Subfamily of amphibians

Centroleninae is one of two subfamilies of the family Centrolenidae. It has nine genera distributed in Central America from Honduras south and east to northern and central South America. As of mid 2015, it contains 117 species.

==Taxonomy==
Centroleninae are defined based on molecular and morphological characteristics, none of which are obvious to a naked eye.

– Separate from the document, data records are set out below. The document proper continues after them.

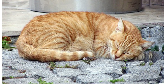
Le sommeil est précieux pour bien vivre

les bons gestes, les petites habitudes utiles divulgués gratuitement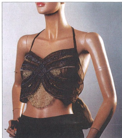
Krajka ze školy v Itálii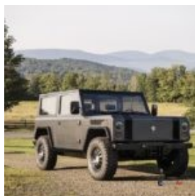
Bollinger B1 4x4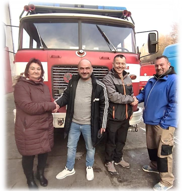
Předání Škoda 706 RTH, CAS 25 do výpůjčky Žiželicím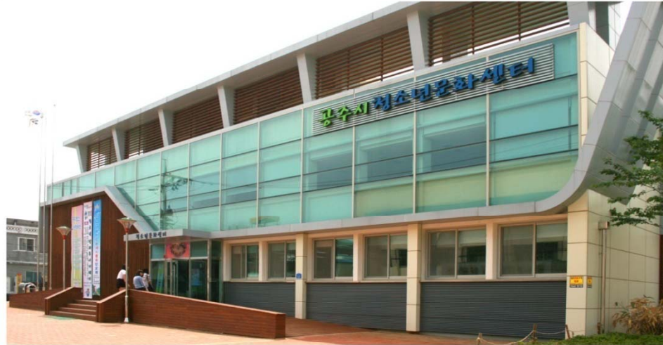
Culture Center for Teenagers

청소년들의 끼, 재능, 꿈을 건강하게 설계하고 마음껏 펼칠 수 있는 공간을 조성해 창조적인 문화의 장을 마련하였습니다.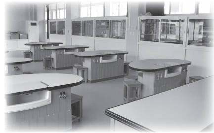
床も貼りがえられ明るい理科室に

屋上防水工事を含め外壁塗装、校舎内もさまざまな改修によって、学習環境も改善されました。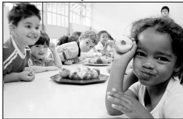
Porto Alegre foi indicada duas vezes para prêmio nacional de alimentação escolar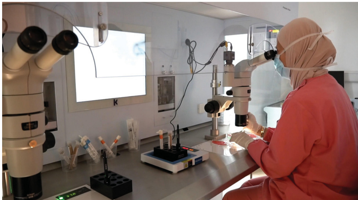
المركز يضم فريقاً طبياً لديه خبرة واسعة في مجال الإخصاب

المختبرات، لتوفير خدمات الرعاية الطبية المجانية بجودة عالية. ويتم اللجوء إلى تقنية أطفال الأنابيب في حالة انسداد قناة فالوب والعقم عند الذكور أو النساء المصابات باضطرابات الإباضة أو العقم غير المعروف سببه مع فشل الإجراءات والعلاجات الأخرى، وتجرى عمليات أطفال الأنابيب وفق شروط متعارف عليها عالمياً، أبرزها ألا يزيد عمر الأم على ٤٢ عاماً عند التسجيل للعلاج مع عدم وجود طفل سليم في الزواج الحالي على ألا يزيد مؤشر كتلة الجسم عند المرأة عن ٣٥ ما سيكون له تأثير إيجابي على نجاح العلاج، فيما يشمل الأعمار ٤٣ و ٤٤ مع وجود مخزون جيد للمبايض يتم التأكد منه مع نتائج الفحوصات.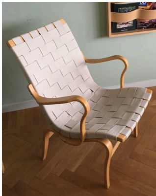
Bild 2. Bruno Mathsson, Eva 1941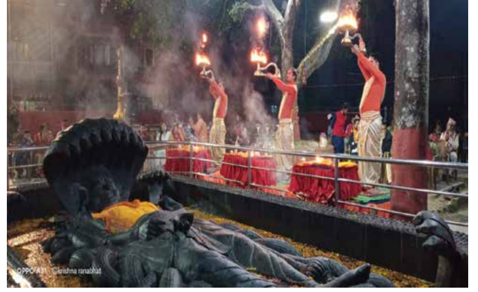
एक वर्षपछि : कोरोना महामारीका कारण स्थगित पोखरा-१७, छोरेपाटन स्थित गुप्तेश्वर महादेव गुफा परिसरको महाआरती गत सोमबार पहिलो पटक गरिएको थियो।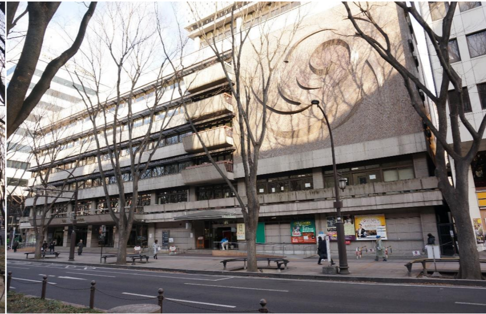
②建物正面（南東側から）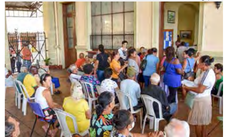
Cadastramento e troca de cartão estão sendo feitos na antiga estação ferroviária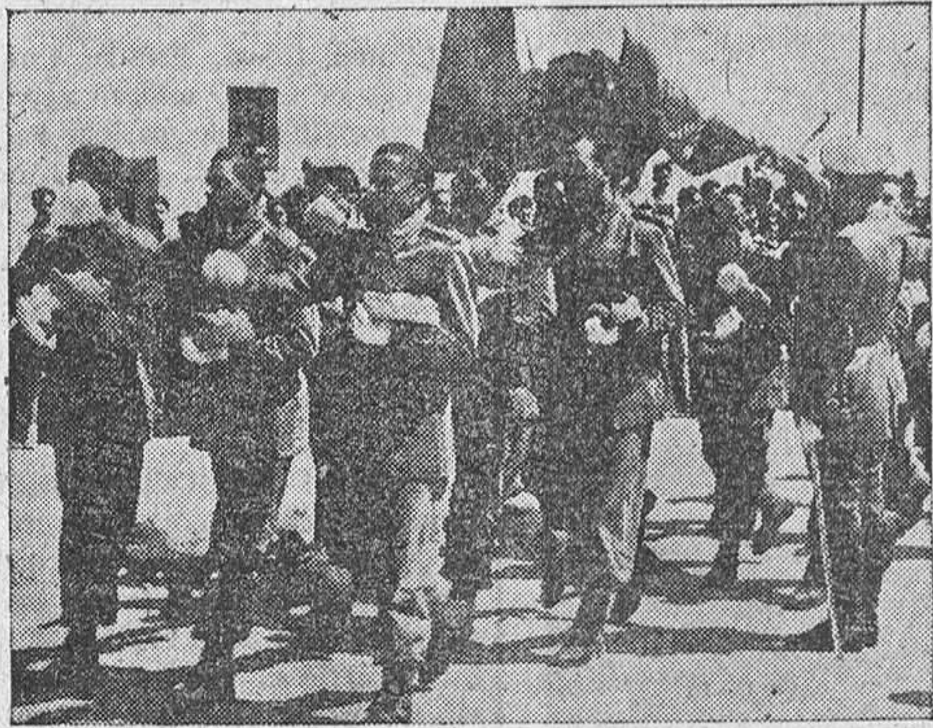
Los reclutas del Regimiento Toledo desfilan bajo la bandera después de prestar juramento.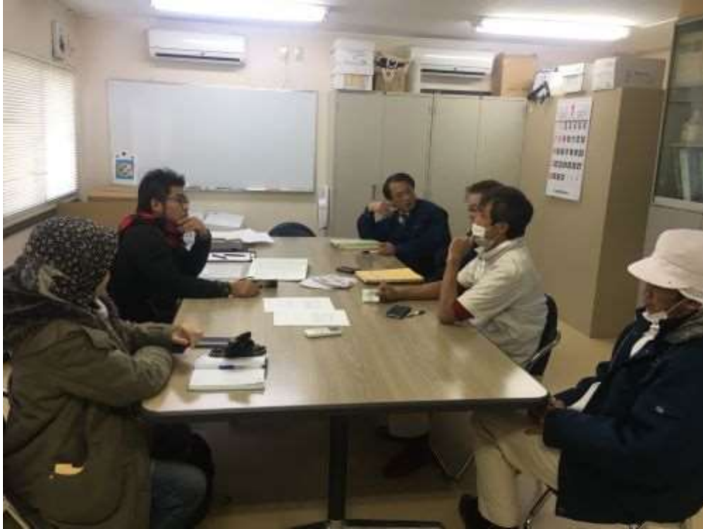
Perbincangan bersama Pengurusan Atasan Zenkai Meat Corporation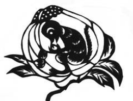
圖 2-1 《桃中猴》剪紙藝術。..... 摘至 http://www1.peopledaily.com.cn/BIG5/paper69/11250/1016935.html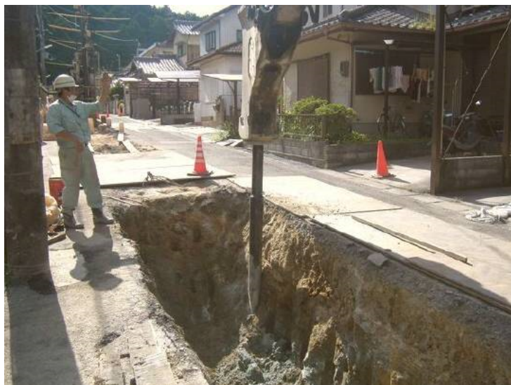
「かち割り君」溝堀(別途見積)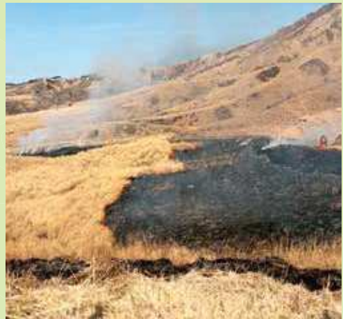
少しずつ延焼する草原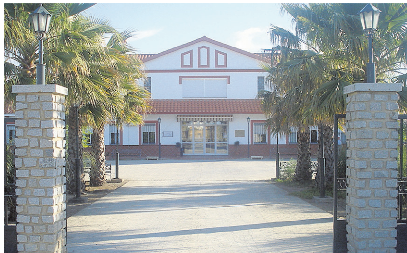
Una de las usuarias de la unidad haciendo uso de sus instalaciones

edificio totalmente adaptado a las necesidades de los mayores, cuenta con 41 plazas para residentes (válidos y de-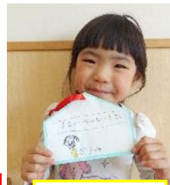
ママのお話を聞く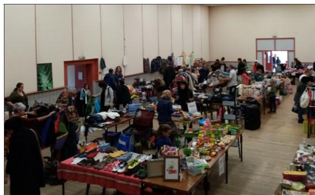
De nombreux exposants avaient investi l'intérieur de la salle.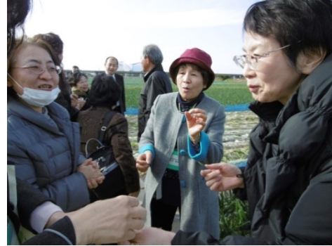
ほ場で意見交換する協議会会員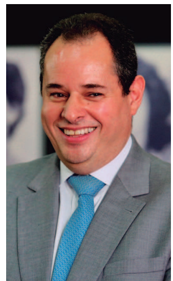
O presidente da ALBA ressaltou o caráter revolucionário do bloco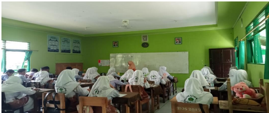
Keadaan kelas ketika pembelajaran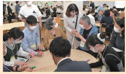
テーブルを囲んで和やかな雰囲気です（第1回）

いつまでも安心して自分らしく暮らし続けるために、私たちができること、行政と一緒に進めたいことをみんなで考えてみませんか。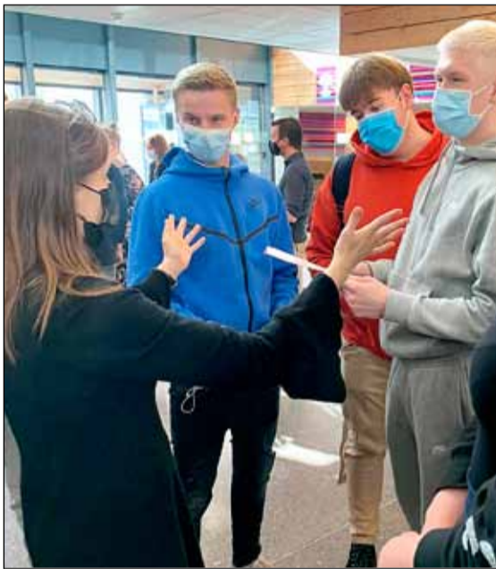
Katrín Jakobsdóttir forsætisráðherra ræðir við nemendur.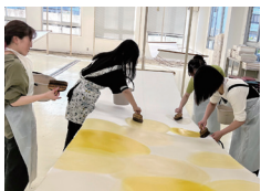
大手前大学 建築&芸術学部 今福ゼミ (植物染料を用いた染色)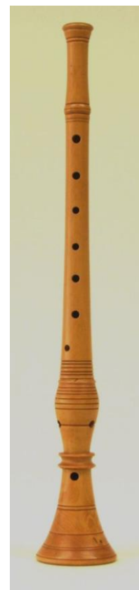
Hautbois dit de Vailhourles Coll. COMDT

Le hautbois d'écorce mesure généralement entre 70 et 80 cm. Au cône en écorce s'ajoute toujours une forme d'anche, le plus souvent un sifflet 14 . Ce sifflet se change à chaque utilisation de l'instrument.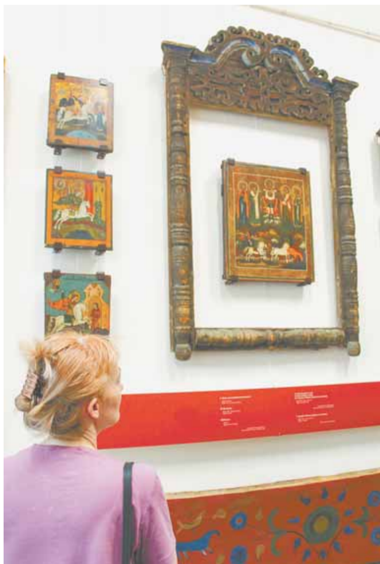
Выставка показывает, как народные промыслы развились из иконописного мастерства.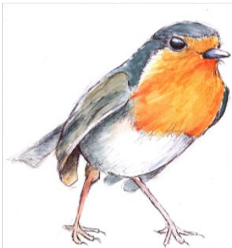
Petirrojo europeo Erithacus rubecula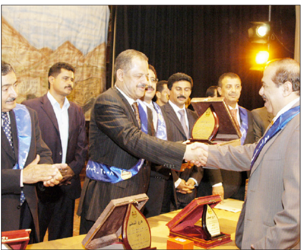
مجور بكرم مستشار رئيس الجمهورية وزير التربية الاسبق د. السلامي

صنعاء / سبأ: أكد رئيس مجلس الوزراء الدكتور علي محمد مجور أن التعليم يحظى بمركز الصدارة في البرنامج العامل للحكومة، باعتبار التعليم حقاً من الحقوق التي كفلها الدستور والقوانين النافذة لكل مواطن ومواطنة.. إلى جانب كونه استثماراً طويل المدى، ولما له من أهمية في التنمية الاقتصادية والاجتماعية.. وأوضح لدى حضوره الحفل السنوي الذي تنظمه وزارة التربية والتعليم لتكريم كوكبة من المعلمين المبرزين احتفاءً بيوم المعلم، أن الدولة عملت على التوسع في التعليم ونشره، إلى جانب تبنيها استراتيجيات وخططاً قصيرة ومتوسطة وطويلة المدى تعمل على تنفيذها.. مشيراً إلى ما أولته الدولة خلال مراحل تطور النظام التعليمي، من اهتمام خاص بالمعلم، اعداده وتدريبه وتأهيله ومكانة وتحفيزه.. وأكد الدكتور مجور على أهمية تكريم المعلمين المبرزين الذين يمثلون رصداً للتعليم وسائر المعلمين، وعرافته وتقديره بدور المعلم ورسالته السامية التي يؤديها في تنشئة الأجيال.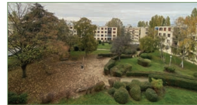
GARGES-LES-GONSESSE. Dans une grande résidence fermée, dans le quartier de la Lutece, tres beau F4 de 92 m 2 au 4 e et dernier étage, avec possibilité de faire une chambre de plus. Quelques travaux sont à prévoir. - 173 000 €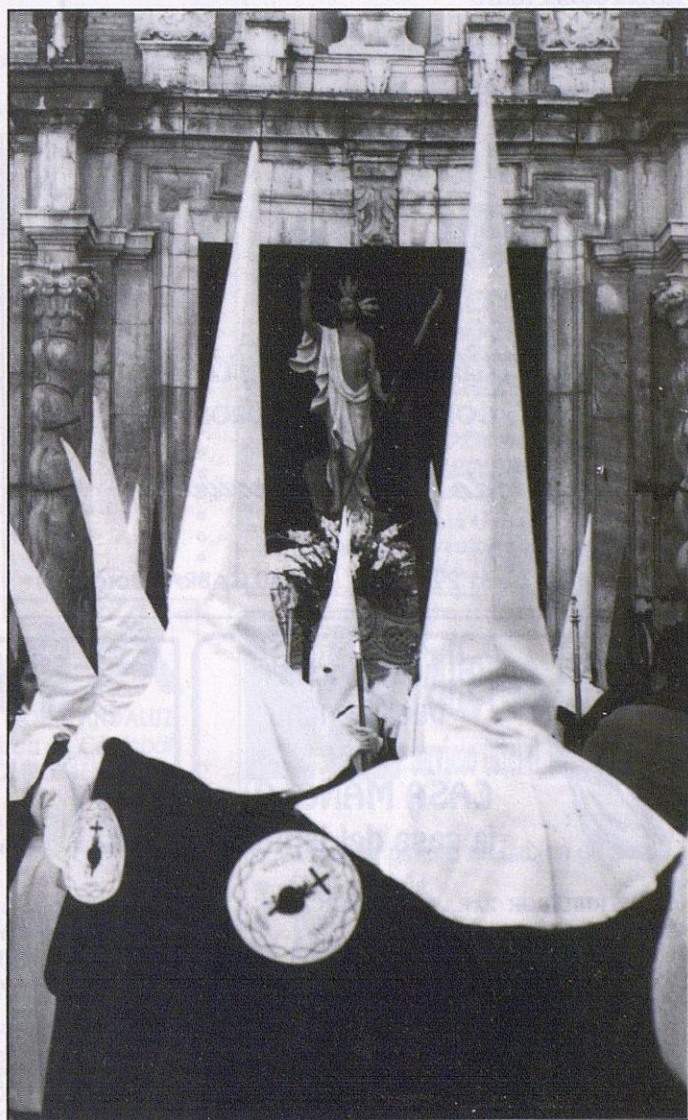
El Resucitado. Año 1990.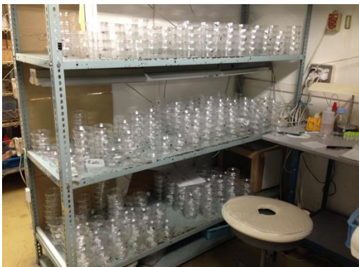
図 3: 個別飼育の様子。糸状菌を塗布した個体は温度一定の恒温室で個別飼育した。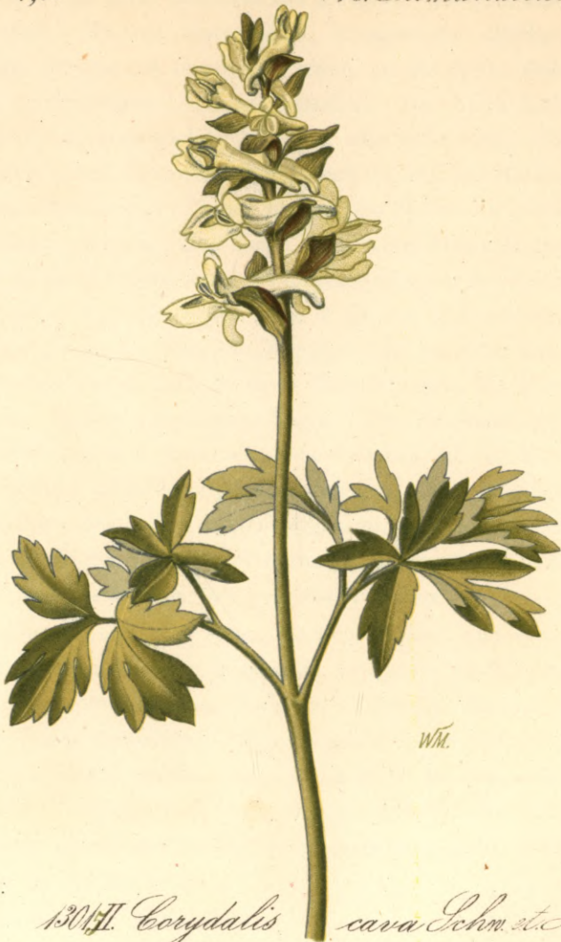
13017. Corydalis cava Schm. et N.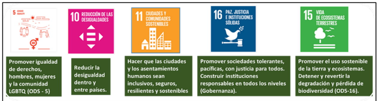
Figura 8. Vinculación con los ODS para la sostenibilidad de la sociedad, del patrimonio y del turismo.

Estos puntos se dirigen a una sensibilización en la conceptualización del tratamiento del patrimonio cultural mediante la gestión del turismo, para evitar la masificación y explotación comercial de los destinos, y fomentar la distribución equitativa e inclusiva del turismo. La Carta de 2022 manifiesta conceptos nuevos: identidad cultural de las comunidades anfitrionas, colectividades indígenas y de los intereses, expectativas, y comportamiento ético de los visitantes. El mensaje se orienta a la participación de la comunidad en la planificación del turismo con el fin de establecer indicadores vanguardistas para enfrentar los impactos del turismo en el patrimonio cultural y las ciudades históricas. El discurso, ahora, cumple con la vinculación con los Objetivos de Desarrollo Sostenible (ODS) para el desarrollo social a través del patrimonio y del turismo (Figura 8).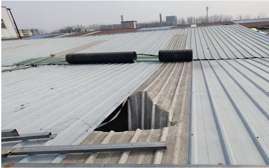
图 3 事故发生的钢结构厂房屋面照片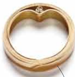
Pyry Tamminen SHEETS. Fingerring, der skjuler diamanten som ærten under madrasserne.

TIRSDAG. Fingerring med rør, hvor diamanten glider fra side til side. TIRSDAG KL. 15: Oxyderet 925 sølvring med kanalfatning.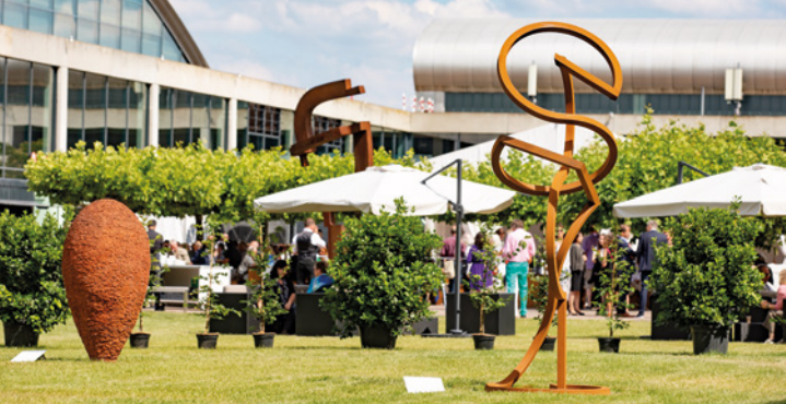
Blick in den Skulpturengarten 2022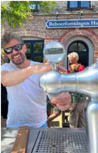
Baren 2023 - den åbner også 8. juni...

INFO om øvrige affaldstømninger i Humleby: https://nemaaffaldsservice.kk.dk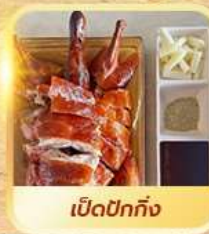
เปิดปาทัง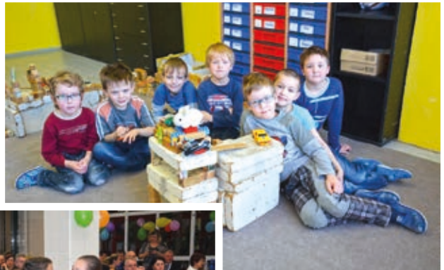
Naši prvňáci - kluci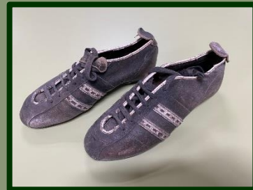
De voetbalschoenen zijn niet zó bijzonder, de gevolgen van het krijgen wel!

In de vorige Zuilense Nieuwsbode hebben we al aangegeven dat u deze filmpjes allemaal terug kunt kijken via YouTube . Als u zoekt naar U in de Wijk Zuilen vindt u ze vanzelf.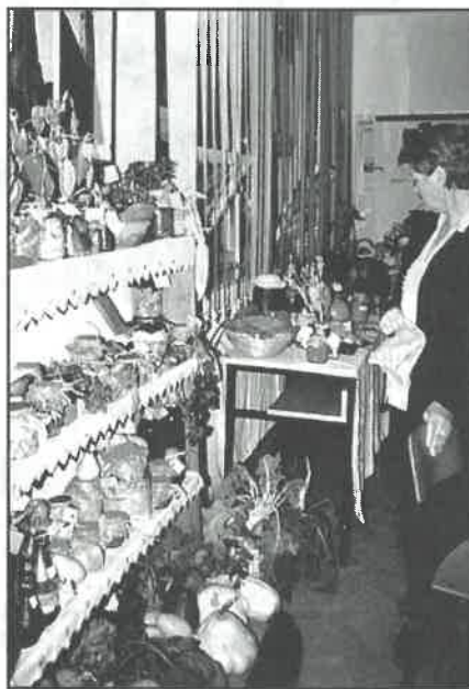
Plodovi dugoselske jeseni u svježem i na prirodan način konzerviranom obliku

Najveći i jedini nedostatak ove izložbe jest to što je trajala praktično samo jedan dan - posljednju nedjelju u listopadu. Razlog je tome nedostatak prostora odnosno previše korisnika jedine društvene prostorije u Narodnom sveučilištu za takvu namjenu. Izložbenu postavu valjalo je ukloniti kako bi se redovne aktivnosti nastavile ponedjeljkom. Iako je izložba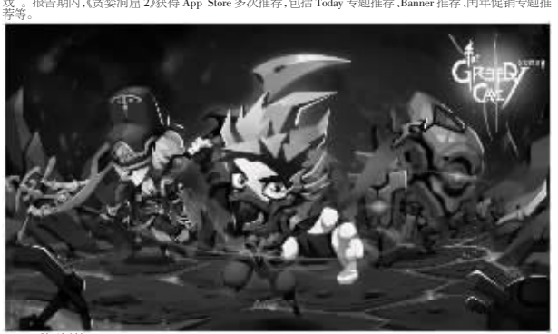
8. 《伊洛哈》是一款自由度的日式RPG手游,是日本十年复刻版的Roguelike角色扮演的游戏(Eloha)正版权授手游,保留基本玩法乐趣的同时在画面、操作和剧情上实现了全面提升。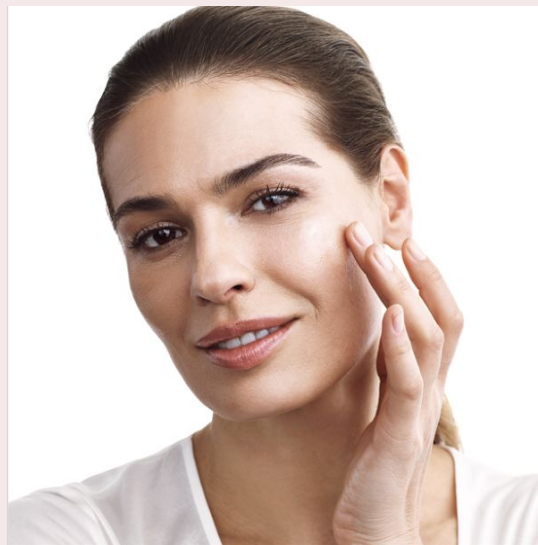
ШАГ 3: АКТИВАТОР Активируйте силу молодости

However, in several species a fighting behaviour that might be synapomorphy has been observed: males dangle by their feet and grapple venter-to-venter; amplexus-like or wrestling on leaves fighting of Hyalinobatrachinae is hypothesized to be primitive behaviour. Their sister taxon is ambiguous, it is either genus Ikakogi or subfamily Hyalinobatrachinae.

==Genera==
There are nine genera:
- Centrolene Jiménez de la Espada, 1872 (29 sp.)
- Chimerella Guayasamin, Castroviejo-Fisher, Trueb, Ayarzagüena, Rada, and Vilà, 2009 (2 sp.)
- Cochranella Taylor, 1951 (9 sp.)
- Espadarana Guayasamin, Castroviejo-Fisher, Trueb, Ayarzagüena, Rada, and Vilà, 2009 (5 sp.)
- Nymphargus Cisneros-Heredia and McDiarmid, 2007 (38 sp.)
- Rulyrana Guayasamin, Castroviejo-Fisher, Trueb, Ayarzagüena, Rada, and Vilà, 2009 (6 sp.)
- Sachatamia Guayasamin, Castroviejo-Fisher, Trueb, Ayarzagüena, Rada, and Vilà, 2009 (5 sp.)
- Teratohyla Taylor, 1951 (5 sp.)
- Vitreorana Guayasamin, Castroviejo-Fisher, Trueb, Ayarzagüena, Rada, and Vilà, 2009 (10 sp.)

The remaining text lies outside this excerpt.